About Kristin and Bird's Tail Designs
“My struggle with chronic pain led to a passion for telling stories through jewelry, a passion for helping other women feel strong, beautiful and confident.” - Kristin
As a first post and introduction to the new chapter of Bird’s Tail, I am beyond excited to welcome you to the Bird’s Tail Blog! This is the first in a series of stories behind the layers - stories of daily inspirations and musings about everyday life, fashion trends and selfcare. These stories are an exploration of the layered, female life. I introduce to you: #livinginlayers.
Where it all started:
The first story that I want to share isn’t an easy one for me to tell, but it is the story of how Bird’s Tail came to be, the story that brought us to this moment together. It’s the story about my past, my struggle with health and the dangers of “perfection,” the story of a high school English teacher, turned mother, jewelry designer and yoga fanatic…
In my past, I strived for perfection, as many women do, I worried about EVERYTHING. I wanted to be a PERFECT mother. a PERFECT wife, a PERFECT teacher. But I was exhausted. And I got sick. This venture to perfection forced me to break down both mentally and physically.
In my eighth year as a full-time high school English teacher and mom of two (at the time), I developed debilitating, chronic headaches that soon spread across my entire body. The pain got to the point that it felt impossible to get out bed in the morning.
I was scared. I was depressed. I had my first panic attack in the parking lot of Target.
I lost over twenty-five pounds. I had horrible thoughts of not wanting to go on anymore (thoughts which still make me feel guilty to this day). I saw countless doctors, was poked and prodded more times than I can remember and was put on a laundry list of medications to deal with my symptoms.
The doctors threw out terms like Myofascial Pain Syndrome, Fibromyalgia, TMJ Disorder, Anxiety, Depression.....
I went through the school year just going through the motions, not remembering much of it at all. And at the close of the school year, I decided to stop working all together and take some time to heal and find answers.
Determined to find a more natural way to heal, I started practicing yoga, changed the way I ate - cutting out gluten and most processed foods. I read books on managing my mind and utilizing my breath. I started incorporating essential oils into my everyday life.
Slowly I started to get better.
My pain lessened, my digestive issues were fewer and farer between.
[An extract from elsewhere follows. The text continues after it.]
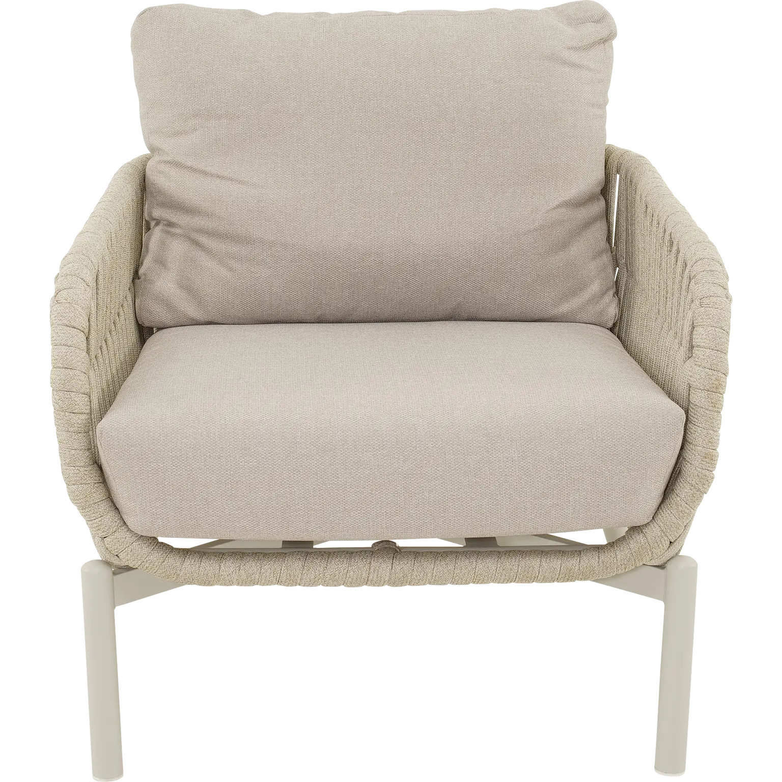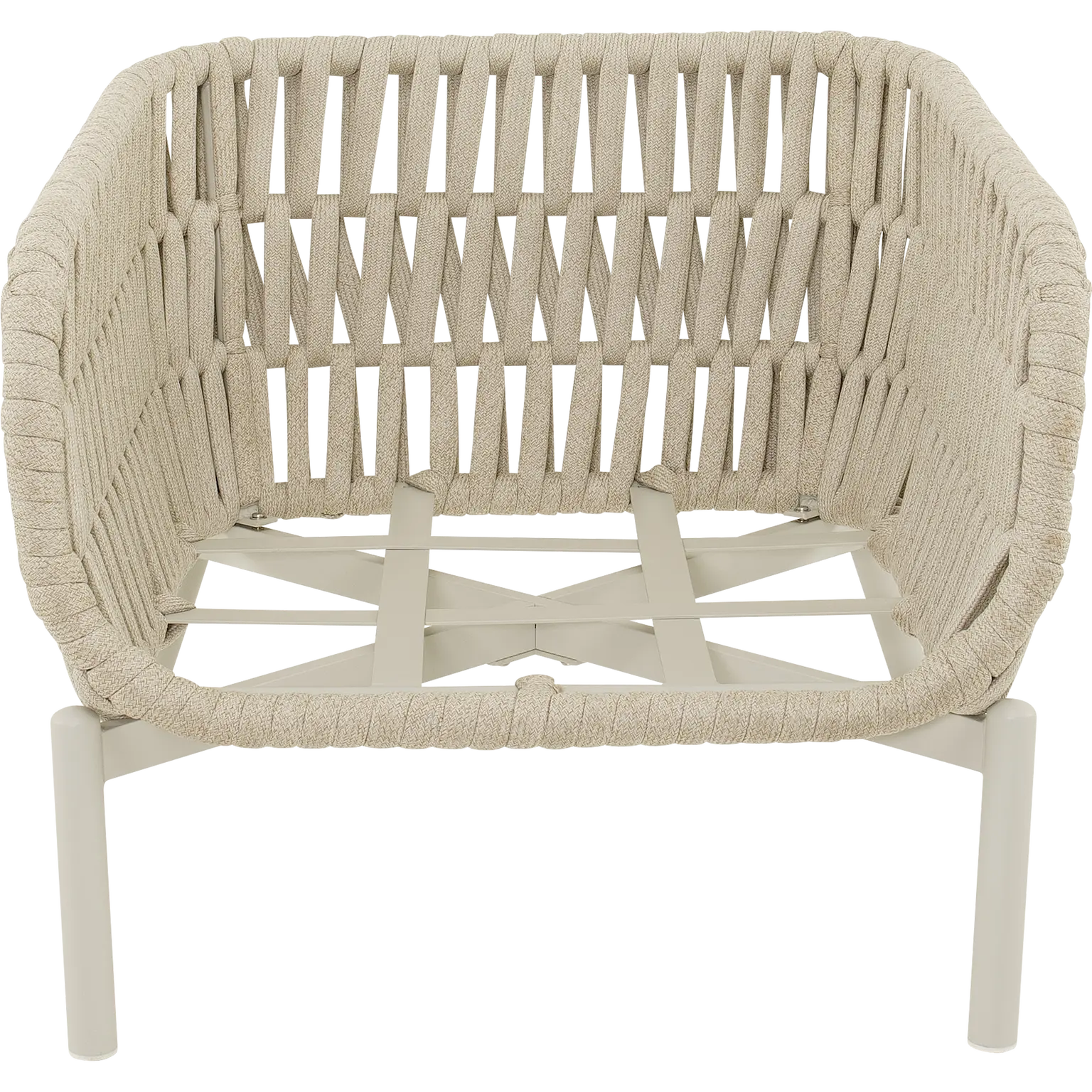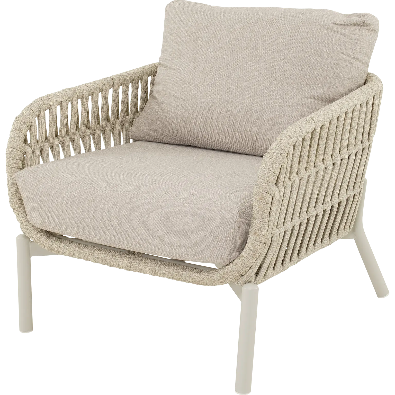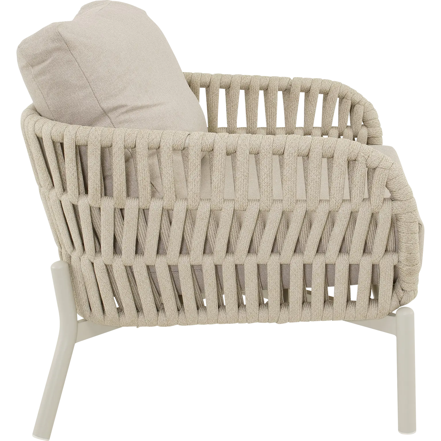 80x84x66,5cm | Aluminium frame mat beige | 370gr/m² olefine kussen | 30x16mm platte koord kleur beige | Max. draaggewicht: 140kg

I even had a few pain free days here and there - a reality that I never thought was possible again. I started to find humor in things. I pursued my passion for yoga and even got certified to teach. And most surprisingly to me, I began making jewelry - as a hobby.
I became enamored with beads and stones and different metals, sketching out designs and bringing them to life with my hands. I used jewelry making as a form of storytelling. I turned to my yoga practice for inspiration for my shapes and forms. I looked to nature for ideas for movement in my creations.
Soon friends and family members began asking me to make them pieces too. And I did.
I would see people on the street and in stores wearing my creations and the satisfaction was beyond rewarding. I loved hearing that they felt beautiful wearing my jewelry!
It was then that I decided that I wanted to share my jewelry with the world - that I wanted to build my own jewelry brand.
I began teaching myself new jewelry making skills - watching videos, reading books, practicing different techniques and honing my skills. I felt alive. I felt free. I felt empowered. And as my passion grew, so did my vision for what I could do with these new skills.
And out of this crazy journey,
Bird's Tail Designs began.
Bird's Tail is the birth of many worlds for me; it is my journey through sickness, family, teaching and yoga - brought to life through shapes. metals, beads, chains, symbols and gemstones.
Because of the support of my husband, my three, beautiful daughters, employees and countless friends along the way, I am now a mother, a wife, a yoga teacher and a jewelry maker. I am not perfect, but I am perfectly defined in what I am meant to be. And even though I still struggle with chronic pain, I have found healthier ways to manage it.
My story is what developed Bird’s Tail Designs. It’s a story of passion, support and eventually, feat over the physical burdens that once took over my life. Each piece of jewelry I make is a story for women who are going through, have gone through, or may have a severe challenge in their lives. Together, we empower and support each other to rise above our challenges.
I thank you from the bottom of my heart for sharing in this journey with me, for helping to make Bird's Tail a reality.